**EXCERPTED RECORDS**

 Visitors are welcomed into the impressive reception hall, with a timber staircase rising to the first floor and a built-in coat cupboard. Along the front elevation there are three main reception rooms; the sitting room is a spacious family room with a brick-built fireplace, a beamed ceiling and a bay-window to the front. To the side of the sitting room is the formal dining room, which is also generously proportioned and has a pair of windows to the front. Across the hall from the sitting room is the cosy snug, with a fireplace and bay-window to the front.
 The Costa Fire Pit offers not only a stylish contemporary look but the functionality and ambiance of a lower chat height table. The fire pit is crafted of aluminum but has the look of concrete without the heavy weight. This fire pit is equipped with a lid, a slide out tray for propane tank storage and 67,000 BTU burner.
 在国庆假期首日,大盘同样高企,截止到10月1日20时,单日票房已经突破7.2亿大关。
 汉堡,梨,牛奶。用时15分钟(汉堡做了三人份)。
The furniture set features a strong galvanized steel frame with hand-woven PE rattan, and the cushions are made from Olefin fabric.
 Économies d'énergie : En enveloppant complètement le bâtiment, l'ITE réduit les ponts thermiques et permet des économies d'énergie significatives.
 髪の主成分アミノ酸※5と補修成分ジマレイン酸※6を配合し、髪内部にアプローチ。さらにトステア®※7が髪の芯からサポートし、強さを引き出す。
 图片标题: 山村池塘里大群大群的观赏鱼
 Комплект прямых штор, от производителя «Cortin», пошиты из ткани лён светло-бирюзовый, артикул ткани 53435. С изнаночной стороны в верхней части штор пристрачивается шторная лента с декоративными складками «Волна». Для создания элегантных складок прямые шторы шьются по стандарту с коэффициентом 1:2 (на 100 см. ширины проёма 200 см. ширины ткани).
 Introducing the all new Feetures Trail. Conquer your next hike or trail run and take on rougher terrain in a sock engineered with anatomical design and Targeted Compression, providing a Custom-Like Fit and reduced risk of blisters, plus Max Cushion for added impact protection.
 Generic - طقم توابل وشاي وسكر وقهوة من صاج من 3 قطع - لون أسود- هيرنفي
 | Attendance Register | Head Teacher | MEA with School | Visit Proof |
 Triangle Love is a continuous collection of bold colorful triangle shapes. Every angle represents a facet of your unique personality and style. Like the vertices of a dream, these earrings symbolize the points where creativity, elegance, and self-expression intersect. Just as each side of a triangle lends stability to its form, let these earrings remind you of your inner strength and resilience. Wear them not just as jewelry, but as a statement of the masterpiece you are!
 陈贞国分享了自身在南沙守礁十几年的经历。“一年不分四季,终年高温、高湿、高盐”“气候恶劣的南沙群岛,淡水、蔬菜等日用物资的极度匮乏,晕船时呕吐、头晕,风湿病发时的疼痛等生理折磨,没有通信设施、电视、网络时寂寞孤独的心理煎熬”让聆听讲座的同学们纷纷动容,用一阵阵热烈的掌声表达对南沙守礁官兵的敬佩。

**EXERCISE BRIEF**
Repeat the data above. Change nothing.

**EXERCISE ANSWER**
 Visitors are welcomed into the impressive reception hall, with a timber staircase rising to the first floor and a built-in coat cupboard. Along the front elevation there are three main reception rooms; the sitting room is a spacious family room with a brick-built fireplace, a beamed ceiling and a bay-window to the front. To the side of the sitting room is the formal dining room, which is also generously proportioned and has a pair of windows to the front. Across the hall from the sitting room is the cosy snug, with a fireplace and bay-window to the front.
 The Costa Fire Pit offers not only a stylish contemporary look but the functionality and ambiance of a lower chat height table. The fire pit is crafted of aluminum but has the look of concrete without the heavy weight. This fire pit is equipped with a lid, a slide out tray for propane tank storage and 67,000 BTU burner.
 在国庆假期首日,大盘同样高企,截止到10月1日20时,单日票房已经突破7.2亿大关。
 汉堡,梨,牛奶。用时15分钟(汉堡做了三人份)。
The furniture set features a strong galvanized steel frame with hand-woven PE rattan, and the cushions are made from Olefin fabric.
 Économies d'énergie : En enveloppant complètement le bâtiment, l'ITE réduit les ponts thermiques et permet des économies d'énergie significatives.
 髪の主成分アミノ酸※5と補修成分ジマレイン酸※6を配合し、髪内部にアプローチ。さらにトステア®※7が髪の芯からサポートし、強さを引き出す。
 图片标题: 山村池塘里大群大群的观赏鱼
 Комплект прямых штор, от производителя «Cortin», пошиты из ткани лён светло-бирюзовый, артикул ткани 53435. С изнаночной стороны в верхней части штор пристрачивается шторная лента с декоративными складками «Волна». Для создания элегантных складок прямые шторы шьются по стандарту с коэффициентом 1:2 (на 100 см. ширины проёма 200 см. ширины ткани).
 Introducing the all new Feetures Trail. Conquer your next hike or trail run and take on rougher terrain in a sock engineered with anatomical design and Targeted Compression, providing a Custom-Like Fit and reduced risk of blisters, plus Max Cushion for added impact protection.
 Generic - طقم توابل وشاي وسكر وقهوة من صاج من 3 قطع - لون أسود- هيرنفي
 | Attendance Register | Head Teacher | MEA with School | Visit Proof |
 Triangle Love is a continuous collection of bold colorful triangle shapes. Every angle represents a facet of your unique personality and style. Like the vertices of a dream, these earrings symbolize the points where creativity, elegance, and self-expression intersect. Just as each side of a triangle lends stability to its form, let these earrings remind you of your inner strength and resilience. Wear them not just as jewelry, but as a statement of the masterpiece you are!
 陈贞国分享了自身在南沙守礁十几年的经历。“一年不分四季,终年高温、高湿、高盐”“气候恶劣的南沙群岛,淡水、蔬菜等日用物资的极度匮乏,晕船时呕吐、头晕,风湿病发时的疼痛等生理折磨,没有通信设施、电视、网络时寂寞孤独的心理煎熬”让聆听讲座的同学们纷纷动容,用一阵阵热烈的掌声表达对南沙守礁官兵的敬佩。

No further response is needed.